[AVAILABLE DATA — start]

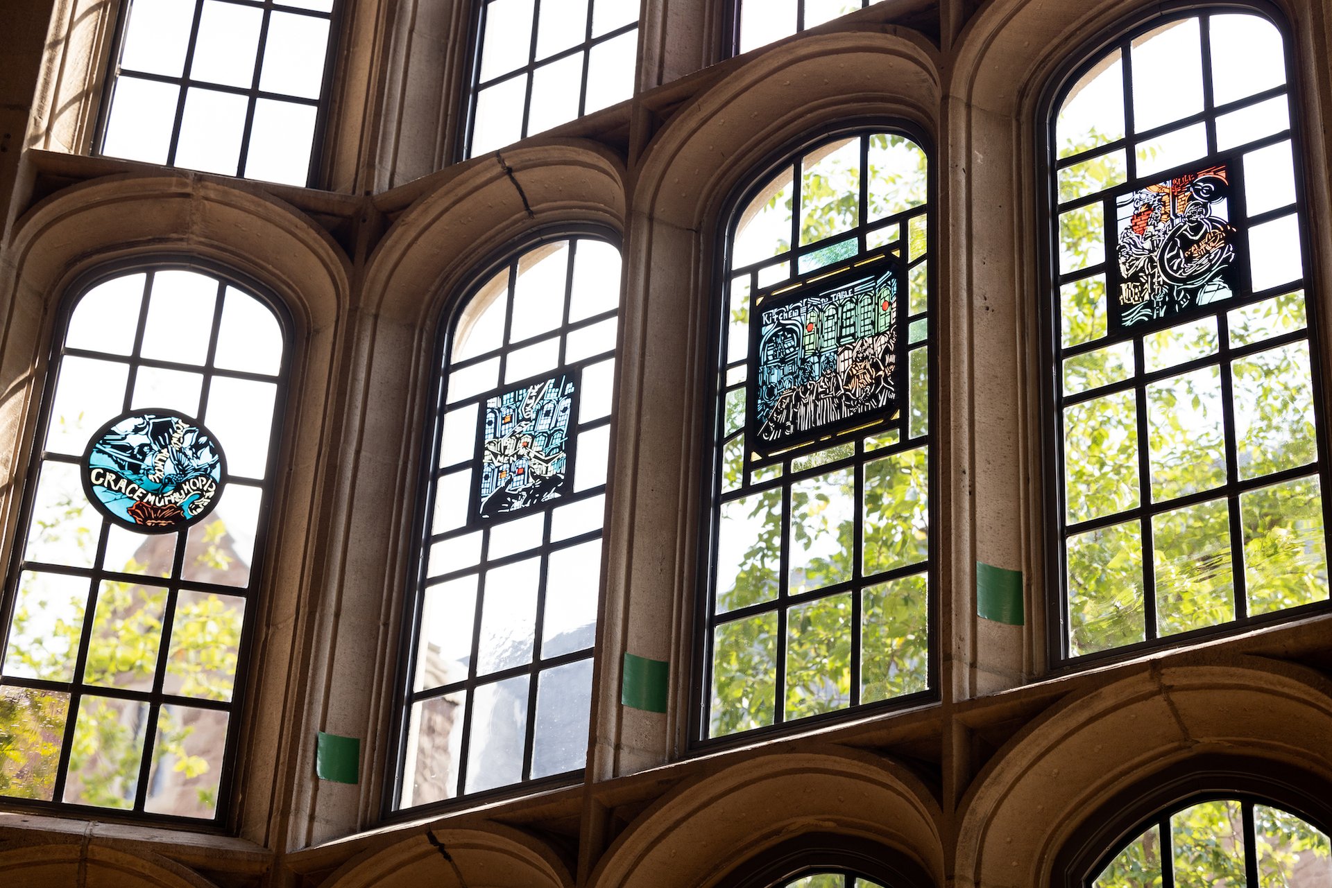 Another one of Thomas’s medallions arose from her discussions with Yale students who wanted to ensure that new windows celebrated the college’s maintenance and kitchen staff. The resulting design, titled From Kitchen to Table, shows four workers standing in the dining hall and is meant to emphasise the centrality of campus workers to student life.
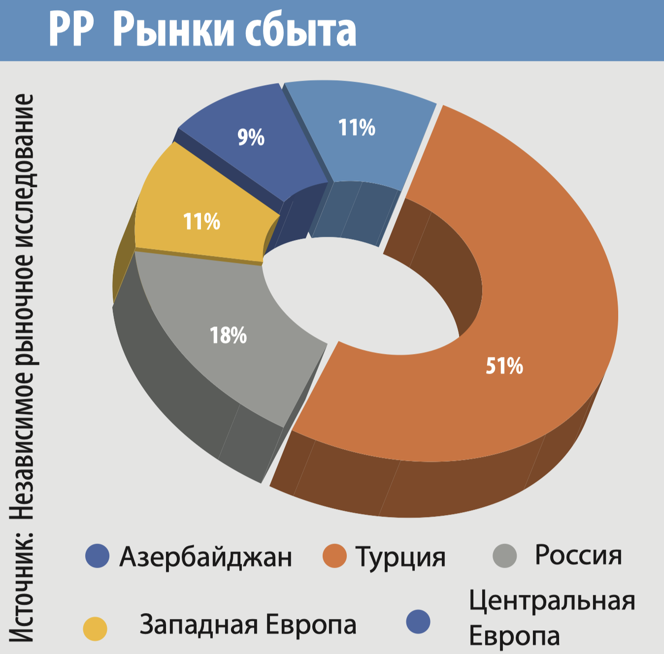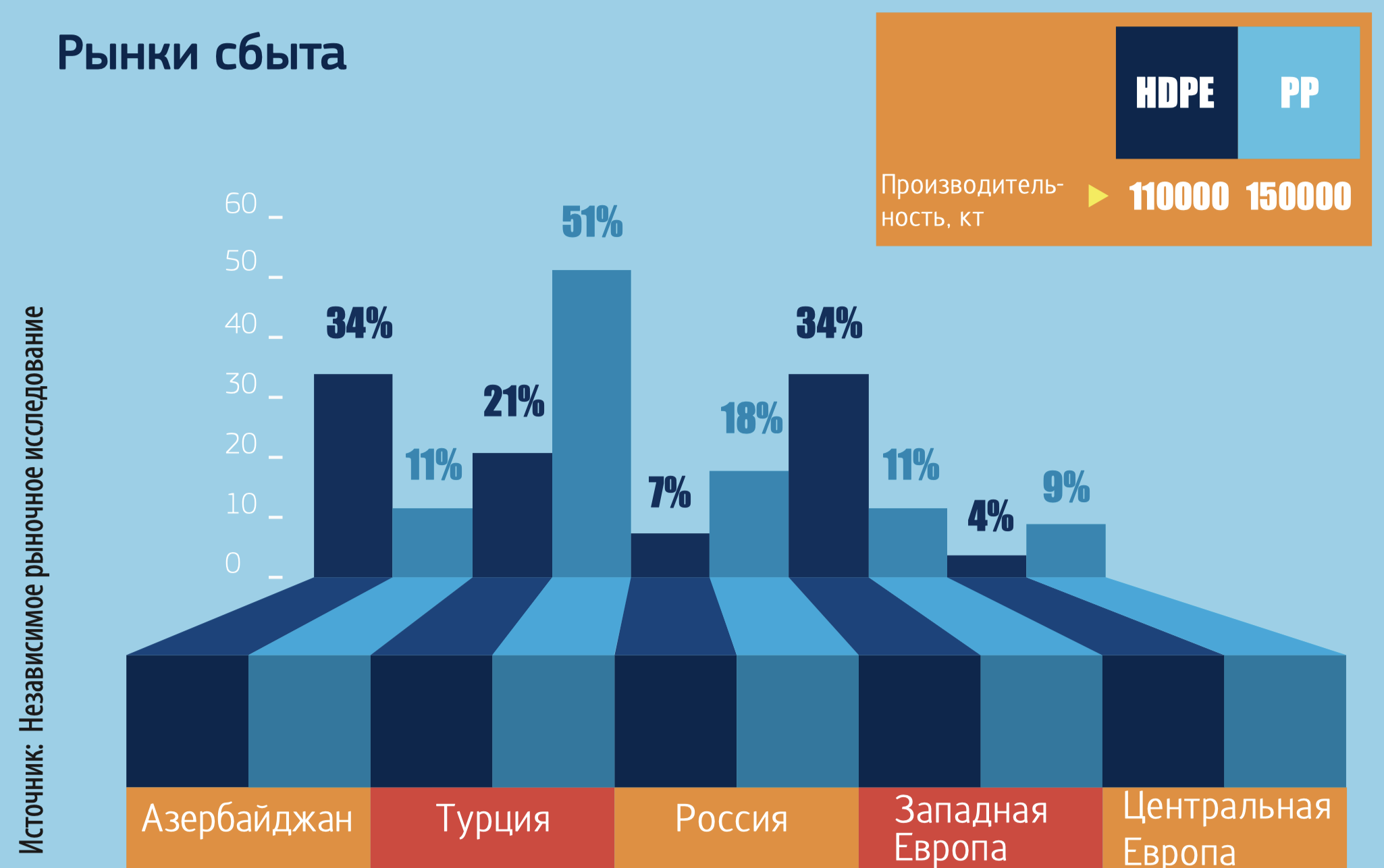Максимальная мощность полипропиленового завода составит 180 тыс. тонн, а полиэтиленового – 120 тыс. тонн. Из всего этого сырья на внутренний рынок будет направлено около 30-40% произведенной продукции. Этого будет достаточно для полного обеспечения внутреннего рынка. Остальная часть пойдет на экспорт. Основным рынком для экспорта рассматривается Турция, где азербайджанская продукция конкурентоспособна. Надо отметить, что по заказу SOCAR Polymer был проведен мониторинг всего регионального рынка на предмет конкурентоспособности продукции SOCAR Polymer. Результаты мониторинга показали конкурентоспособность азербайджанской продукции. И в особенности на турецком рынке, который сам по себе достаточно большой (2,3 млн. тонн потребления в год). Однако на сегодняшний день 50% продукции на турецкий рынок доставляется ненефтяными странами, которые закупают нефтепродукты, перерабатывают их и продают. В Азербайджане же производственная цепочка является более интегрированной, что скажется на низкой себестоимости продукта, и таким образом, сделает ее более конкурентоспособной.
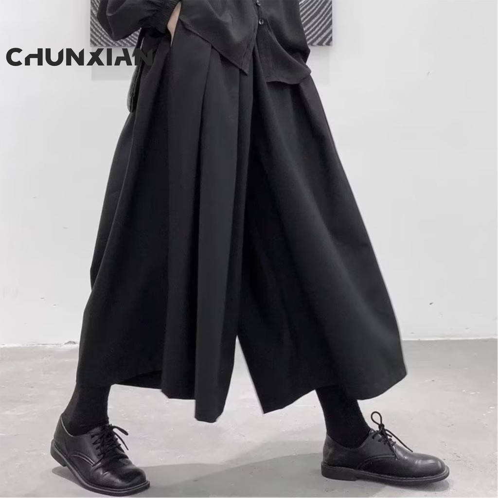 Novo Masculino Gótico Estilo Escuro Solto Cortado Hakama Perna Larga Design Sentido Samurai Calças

[AVAILABLE DATA — finish]
[AVAILABLE DATA — start]

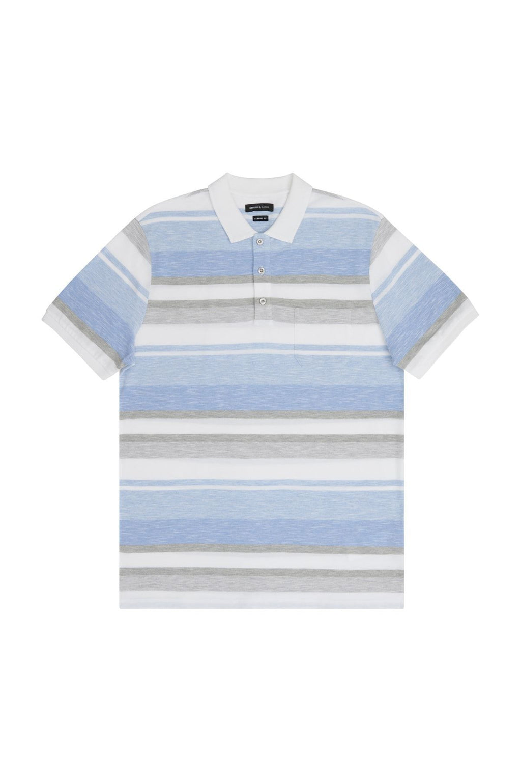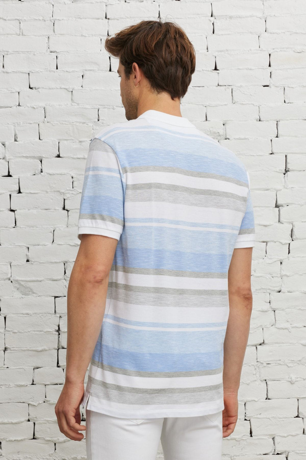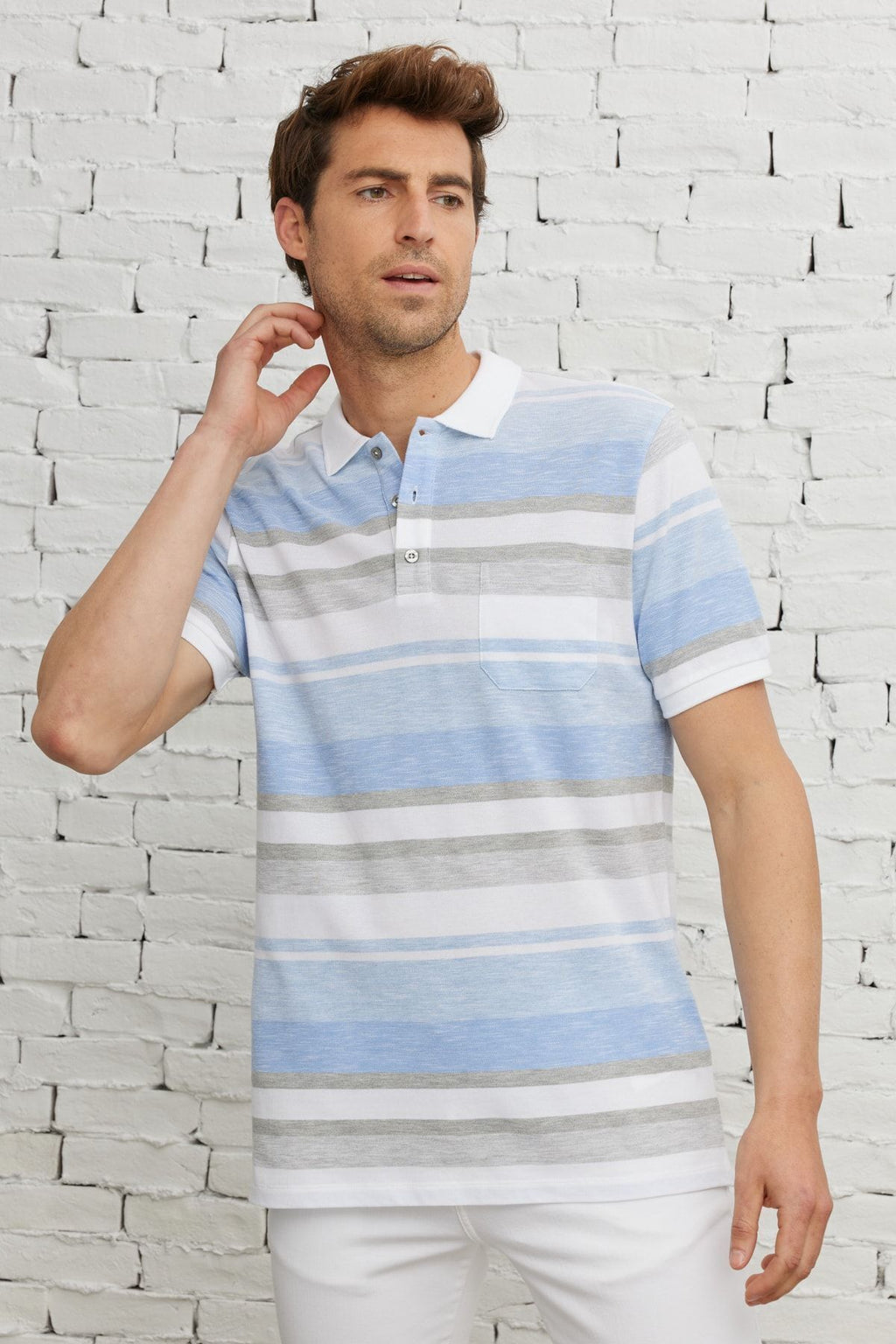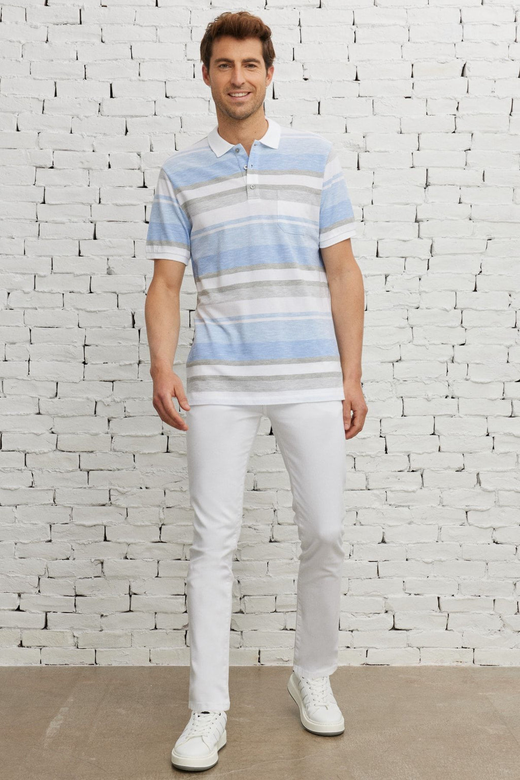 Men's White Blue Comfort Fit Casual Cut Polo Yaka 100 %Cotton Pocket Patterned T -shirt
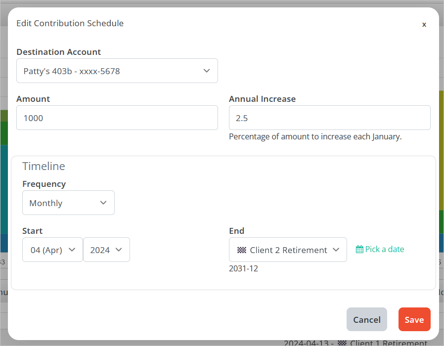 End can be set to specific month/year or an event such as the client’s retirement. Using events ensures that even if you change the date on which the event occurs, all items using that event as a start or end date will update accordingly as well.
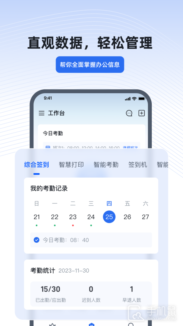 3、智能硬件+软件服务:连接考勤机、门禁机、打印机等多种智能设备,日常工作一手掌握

[AVAILABLE DATA — finish]
[AVAILABLE DATA — start]

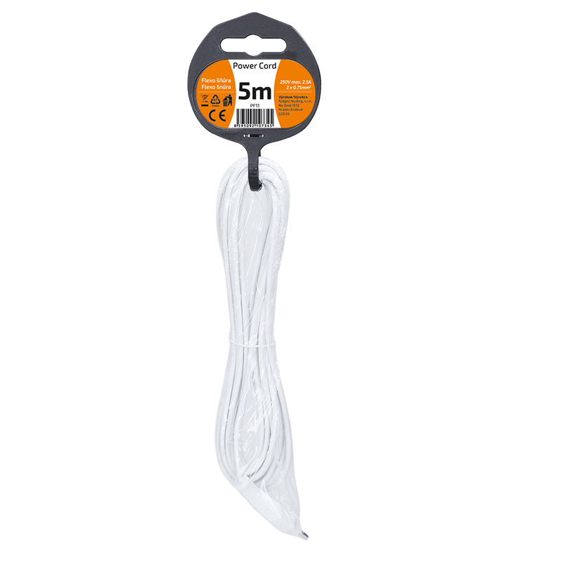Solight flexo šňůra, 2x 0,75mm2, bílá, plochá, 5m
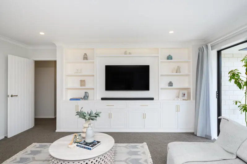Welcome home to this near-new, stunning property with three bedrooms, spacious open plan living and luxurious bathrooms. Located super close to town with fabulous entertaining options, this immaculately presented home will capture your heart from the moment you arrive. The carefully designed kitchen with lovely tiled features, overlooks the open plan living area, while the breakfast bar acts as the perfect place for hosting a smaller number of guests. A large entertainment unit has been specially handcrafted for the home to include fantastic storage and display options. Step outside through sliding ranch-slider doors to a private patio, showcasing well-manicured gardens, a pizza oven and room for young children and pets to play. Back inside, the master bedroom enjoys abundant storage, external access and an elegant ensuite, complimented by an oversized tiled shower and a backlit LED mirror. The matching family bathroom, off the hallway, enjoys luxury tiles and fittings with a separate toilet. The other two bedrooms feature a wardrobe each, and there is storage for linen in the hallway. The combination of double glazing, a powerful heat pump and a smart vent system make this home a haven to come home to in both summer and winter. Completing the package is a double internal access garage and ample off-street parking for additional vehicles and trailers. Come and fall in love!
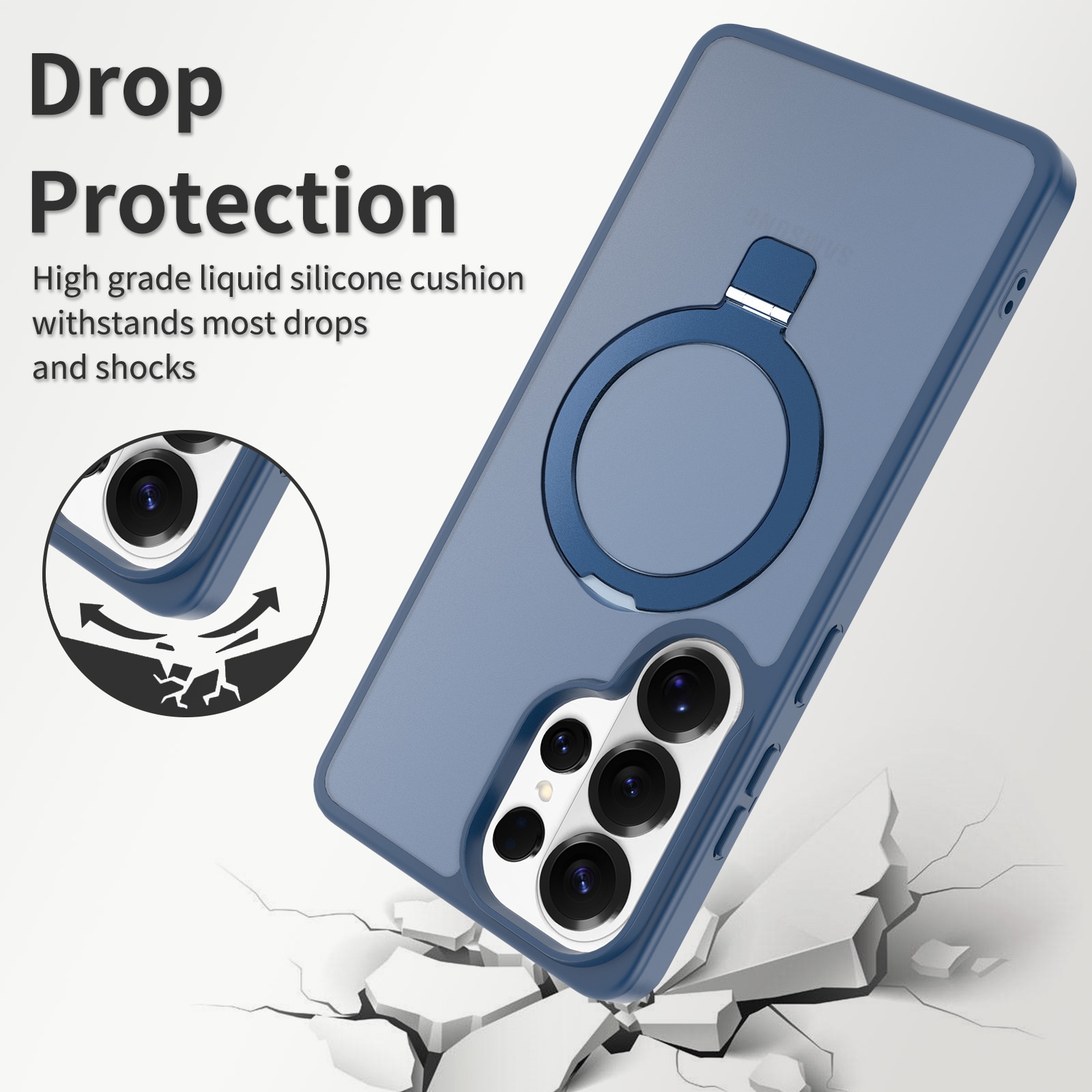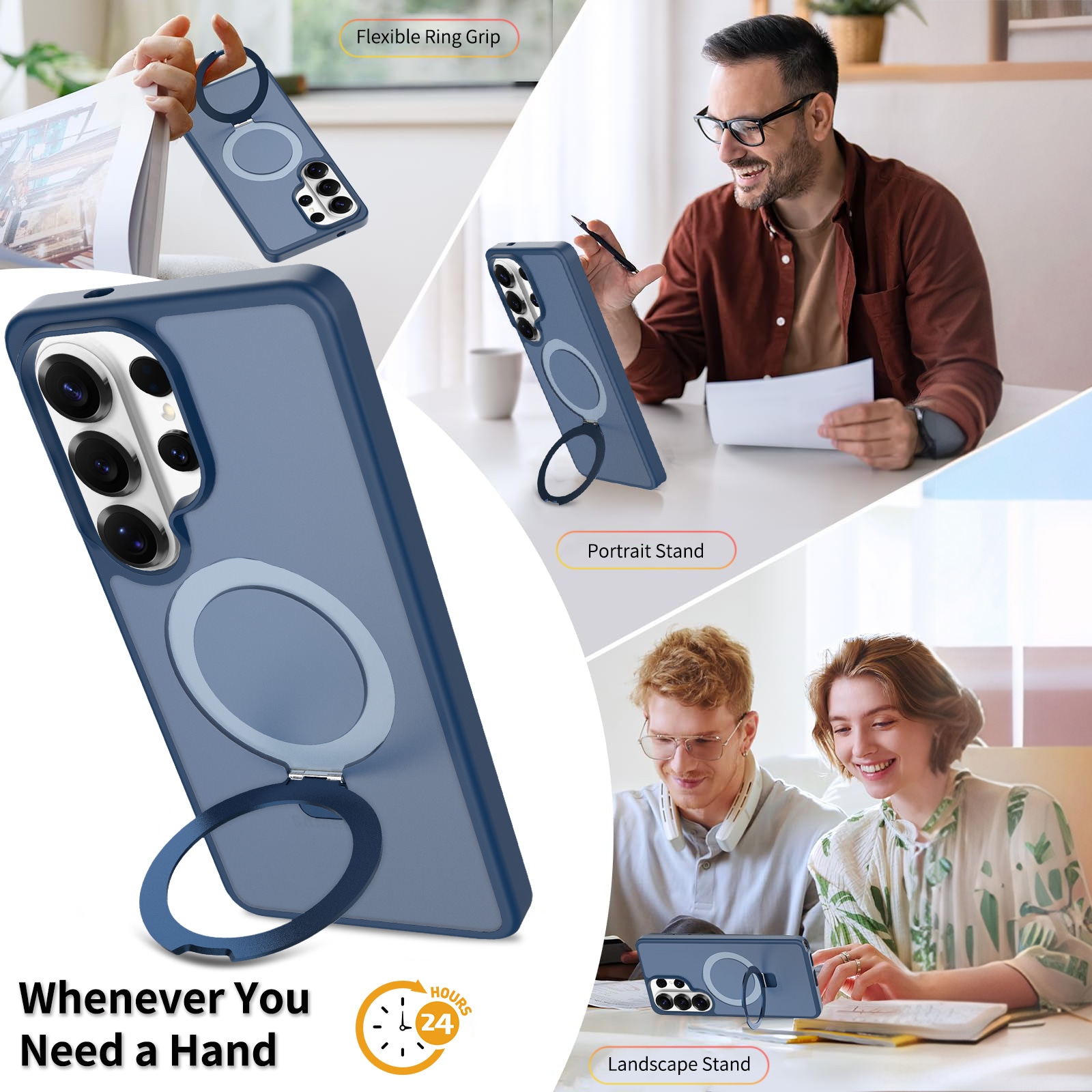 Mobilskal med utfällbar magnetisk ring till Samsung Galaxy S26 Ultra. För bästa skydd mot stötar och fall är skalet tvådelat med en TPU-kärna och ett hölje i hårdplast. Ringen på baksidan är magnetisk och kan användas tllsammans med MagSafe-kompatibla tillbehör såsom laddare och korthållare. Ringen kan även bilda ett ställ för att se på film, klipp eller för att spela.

[AVAILABLE DATA — finish]

▶ REQUIRED WORK
From the records above, transcribe exactly the lines starting at the one containing "End can be set" and ending at the one containing "3、智能硬件+软件服务:连接". Skip the pictures.

▶ WRITTEN RESPONSE
 End can be set to specific month/year or an event such as the client’s retirement. Using events ensures that even if you change the date on which the event occurs, all items using that event as a start or end date will update accordingly as well.
 3、智能硬件+软件服务:连接考勤机、门禁机、打印机等多种智能设备,日常工作一手掌握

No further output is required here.